In contrast with their original poem, the Jellicles in Cats possess many kinds of coat-patterns, diverse personalities and individual talents. Many of the ensemble characters were created by the original 1981 London cast through extensive improvisation sessions held during the rehearsal process. Musical theatre scholar Vagelis Siropoulos noted that the level of detail given to each character was crucial in fleshing out the fantasy world of Cats, with even the minor cats having established personalities, relationships and hierarchies within the tribe. In the musical, sub-plots involving individual Jellicle cats include the struggle of Grizabella, a former "glamour cat", and the kidnapping of the Jellicle patriarch, Old Deuteronomy.

A total of 54 cat names are given in Old Possum's Book of Practical Cats, most of which Eliot derived from British culture, including references to Anglican traditions, historic and literary figures, as well as geographical locations. When not taken from a corresponding eponymous poem, many of the character names from the musical are taken from Eliot's poem "The Naming of Cats".

In popular culture
Although originally published as part of a collection of poems, "The Song of the Jellicles" was published by Faber and Faber in 2017 as a standalone picture book titled Jellicle Cats.

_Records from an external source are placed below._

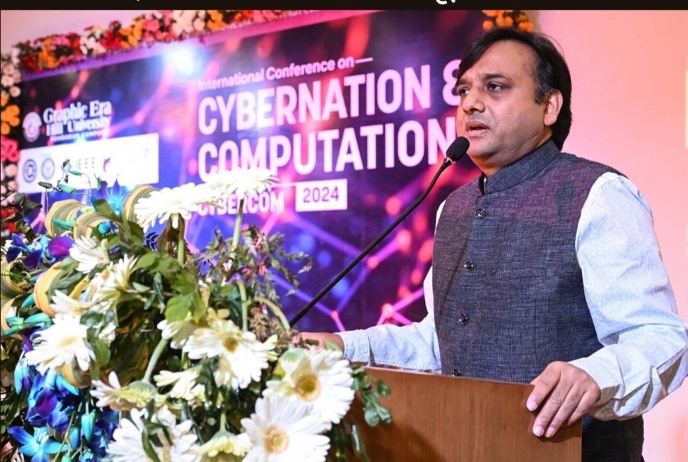 ग्राफिक एरा हिल यूनिवर्सिटी में साइबर नेशन एण्ड कम्प्यूटेशन पर अतंर्राष्ट्रीय सम्मेलन का आज आखिरी दिन था। सम्मेलन के समापन सत्र में साफ्टवेयर टेक्नोलाॅजी पार्क आॅफ इण्डिया के निदेशक अशोक कुमार मुख्य अतिथि के रूप में सम्बोधित कर रहे थे। उन्हांेने कहा कि केन्द्र सरकार ने तकनीकी क्षेत्र में कई नये कदम उठाये हैं इनमें सेमिकन्डक्टर मिशन, एआई मिशन, क्वान्टम मिशन जैसे अनेकों मिशन शामिल हैं ताकि युवाओं को और बेहतर तरीके से नवाचार से जोड़ा जाये। श्री अशोक ने कहा कि आने वाला समय स्मार्ट टेक्नोलाॅजी व एआई का है। इसके लिए जरूरी है कि छात्र-छात्राओं को इसके बारे में पढ़ाया जाये। उन्होंने छात्र-छात्राओं से इससे जुड़े क्षेत्रों में शोध करने के लिए आह्वान किया। रक्षा अनुसंधान एवं विकास संगठन के वैज्ञानिक डा. राकेश कुमार भारद्वाज ने छात्र-छात्राओं को टेरा हट्र्ज के विषय में जानकारी दी। उन्होंने कहा कि टेरा हट्र्ज एक नई संचार प्रणाली है यह टेरा हट्र्ज फ्रिक्वेंसी पर काम करती है जिसकी मदद से तेज डेटा ट्रांसफर किया जा सकता है। उन्होंने टेरा हट्र्ज को डिफेन्स व सिक्योरिटी के लिए उपयोगी बताते हुए कहा कि इसको एयरपोर्ट्स में इस्तेमाल कर सकते हैं। इसकी स्कैनिंग पावर सामान के अन्दर छुपे हुए किसी भी यंत्र को डिटेक्ट कर सकती है। साथ ही इसका इस्तेमाल किसी भी तरीके के रसायनिक खतरों को पहचानने में भी किया जा सकता है।
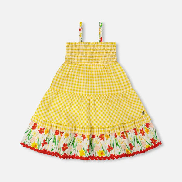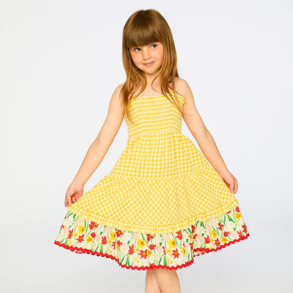 Bright and playful, our sundress in yellow gingham is made for sunny days and carefree adventures. This sleeveless dress combines smocked details on the bodice with a flowing skirt that transitions into a lively daffodil print. Lightweight cotton blend fabrics ensure comfort and ease, making it a favorite for every summer outing.
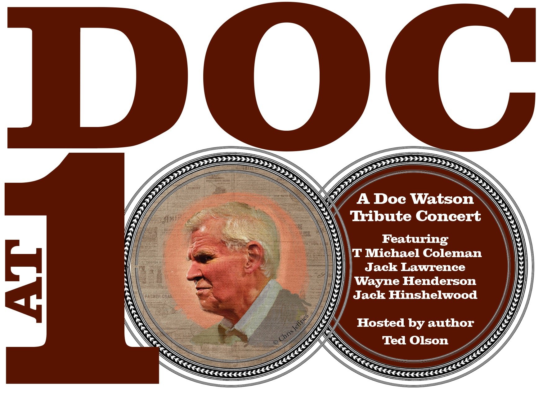 DOC AT 100 is a concert program celebrating the life and legacy of Doc Watson by those who performed with Doc, were profoundly influenced by his music, and called him a friend. This includes T. Michael Coleman and Jack Lawrence, who performed, recorded, and toured with Doc longer than any other musicians he worked with. Joining T. Michael and Jack, are fellow guitarists Wayne Henderson and Jack Hinshelwood, who were both heavily impacted by Doc’s music through his many recordings and performances, and Wayne counted Doc as a close friend, especially in Doc’s later years when he enjoyed visiting Wayne in his guitar making shop in Rugby, Virginia.
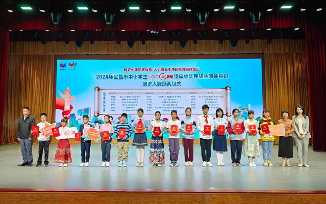 黃黎代表宜昌市分公司為2024年宜昌市中小學(xué)生“小先生 道中華”鑄牢中華民族共同體意識(shí)演講大賽“優(yōu)秀宣講員”頒獎(jiǎng),并向興山縣贈(zèng)送價(jià)值2萬元的主題讀物和優(yōu)秀書籍。

Madame Tussauds New York features wax figures of a few of the Jellicle cats from the musical, including one of Grizabella that sings "Memory".

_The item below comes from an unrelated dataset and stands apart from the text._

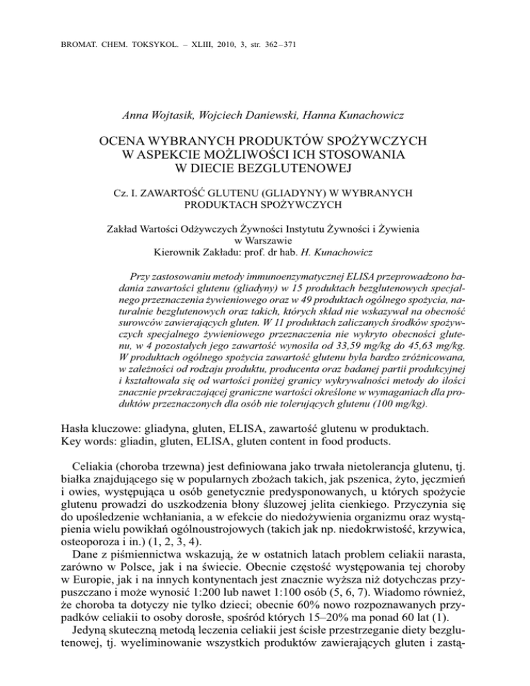 BROMAT. CHEM. TOKSYKOL. – XLIII, 2010, 3, str. 362 – 371 Anna Wojtasik, Wojciech Daniewski, Hanna Kunachowicz OCENA WYBRANYCH PRODUKTÓW SPOŻYWCZYCH W ASPEKCIE MOŻLIWOŚCI ICH STOSOWANIA W DIECIE BEZGLUTENOWEJ Cz. I. ZAWARTOŚĆ GLUTENU (GLIADYNY) W WYBRANYCH PRODUKTACH SPOŻYWCZYCH Zakład Wartości Odżywczych Żywności Instytutu Żywności i Żywienia w Warszawie Kierownik Zakładu: prof. dr hab. H. Kunachowicz Przy zastosowaniu metody immunoenzymatycznej ELISA przeprowadzono badania zawartości glutenu (gliadyny) w 15 produktach bezglutenowych specjalnego przeznaczenia żywieniowego oraz w 49 produktach ogólnego spożycia, naturalnie bezglutenowych oraz takich, których skład nie wskazywał na obecność surowców zawierających gluten. W 11 produktach zaliczanych środków spożywczych specjalnego żywieniowego przeznaczenia nie wykryto obecności glutenu, w 4 pozostałych jego zawartość wynosiła od 33,59 mg/kg do 45,63 mg/kg. W produktach ogólnego spożycia zawartość glutenu była bardzo zróżnicowana, w zależności od rodzaju produktu, producenta oraz badanej partii produkcyjnej i kształtowała się od wartości poniżej granicy wykrywalności metody do ilości znacznie przekraczającej graniczne wartości określone w wymaganiach dla produktów przeznaczonych dla osób nie tolerujących glutenu (100 mg/kg). Hasła kluczowe: gliadyna, gluten, ELISA, zawartość glutenu w produktach. Key words: gliadin, gluten, ELISA, gluten content in food products. Celiakia (choroba trzewna) jest definiowana jako trwała nietolerancja glutenu, tj. białka znajdującego się w popularnych zbożach takich, jak pszenica, żyto, jęczmień i owies, występująca u osób genetycznie predysponowanych, u których spożycie glutenu prowadzi do uszkodzenia błony śluzowej jelita cienkiego. Przyczynia się do upośledzenie wchłaniania, a w efekcie do niedożywienia organizmu oraz wystąpienia wielu powikłań ogólnoustrojowych (takich jak np. niedokrwistość, krzywica, osteoporoza i in.) (1, 2, 3, 4). Dane z piśmiennictwa wskazują, że w ostatnich latach problem celiakii narasta, zarówno w Polsce, jak i na świecie. Obecnie częstość występowania tej choroby w Europie, jak i na innych kontynentach jest znacznie wyższa niż dotychczas przypuszczano i może wynosić 1:200 lub nawet 1:100 osób (5, 6, 7). Wiadomo również, że choroba ta dotyczy nie tylko dzieci; obecnie 60% nowo rozpoznawanych przypadków celiakii to osoby dorosłe, spośród których 15–20% ma ponad 60 lat (1). Jedyną skuteczną metodą leczenia celiakii jest ścisłe przestrzeganie diety bezglutenowej, tj. wyeliminowanie wszystkich produktów zawierających gluten i zastą- Nr 3 Produkty spożywcze a dieta bezglutaminowa. Cz. I 363 pienie ich bezglutenowymi odpowiednikami, wyprodukowanymi z surowców naturalnie nie zawierających glutenu, lub też takich, z których gluten został usunięty na drodze technologicznej. Obecnie na rynku dostępnych jest wiele produktów przeznaczonych dla osób z celiakią (pieczywo, makarony, ciastka, mąki, słodycze itp.). Zaliczane są one do środków spożywczych specjalnego przeznaczenia żywieniowego (tzw. dietetycznych). Jednak z uwagi na to, że w celiakii dieta bezglutenowa musi być stosowana przez całe życie, właściwe jej stosowanie nie może ograniczać się tylko do wykluczenia produktów zabronionych i zastąpienia ich bezglutenowymi odpowiednikami. W celu zapewnienia odpowiedniego spożycia składników odżywczych, ważne jest urozmaicenie diety; w jej składzie należy więc uwzględniać także inne produkty, pochodzące z różnych grup żywności. (2, 4, 8, 9). Poza produktami specjalnego żywieniowego przeznaczenia, również wiele produktów spośród ogólnie dostępnej żywności, naturalnie bezglutenowych i nie zawierających w swoim składzie dodatków pochodzących ze zbóż glutenowych, mogłoby być stosowanych w żywieniu ludzi z celiakią. W tym przypadku jednak problemem jest ewentualne zanieczyszczenie glutenem surowców albo gotowego produktu, np. w trakcie procesu technologicznego. Stąd istotna jest możliwość oceny produktów pod względem zawartości w nich glutenu i zgodności z obowiązującymi wymaganiami, dotyczącymi żywności przeznaczonej dla osób dla osób z celiakią i alergią na gluten. W roku 2009 opublikowane zostało Rozporządzenie Komisji Unii Europejskiej (10), w którym podane zostały nowe wymagania dla produktów przeznaczonych dla osób nie tolerujących glutenu. Zgodnie z nimi: Jako żywność bezglutenową określa się produkty: – składające się lub wytworzone wyłącznie z surowców nie zawierających pszenicy (i jej odmian takich, jak pszenica durum, orkisz lub kamut), żyta, jęczmienia i owsa lub ich odmian, w których całkowity poziom glutenu nie przekracza 20 mg/kg produktu; – zawierające jeden lub więcej składników z pszenicy (i jej odmian takich, jak pszenica durum, orkisz lub kamut), żyta, jęczmienia i owsa lub ich odmian, które zostały specjalnie przetworzone w celu usunięcia z nich glutenu, a całkowity poziom w nich glutenu nie przekracza 20 mg/kg produktu. Jako żywność o bardzo niskiej zawartości glutenu definiuje się produkty: – przeznaczone dla osób z nietolerancją glutenu, zawierające jeden lub więcej składników z pszenicy (i jej odmian takich, jak pszenica durum, orkisz lub kamut), żyta, jęczmienia i owsa lub ich odmian, które zostały specjalnie przetworzone w celu obniżenia w nich zawartości glutenu, a całkowity poziom glutenu w tych produktach nie przekracza 100 mg/kg produktu. Poza dwiema wyżej wymienionymi, została dodatkowo wyróżniona kategoria produktów ogólnego spożycia, które mogą być spożywane przez ludzi z celiakią, o ile zawartość w nich glutenu spełnia warunki określone dla żywności bezglutenowej (20 mg/kg produktu). Wszystkie powyższe wymagania odnoszą się do produktów w postaci, w jakiej są wprowadzane do obrotu i sp

In Season 1 Episode 35 of Dungeons and Daddies, titled "The Jellicle  Ball",  the Daddies play a game of "Throw ball, catch ball, take it to the end of the field" with a team of Jellicle cats. 

In season 1, episode 2 of Bojack Horseman titled “Bojack Hates the Troops”, jellicles are mentioned in a song when the character Princess Carolyn, who is an anthropomorphic cat, makes Bojack hold while calling him.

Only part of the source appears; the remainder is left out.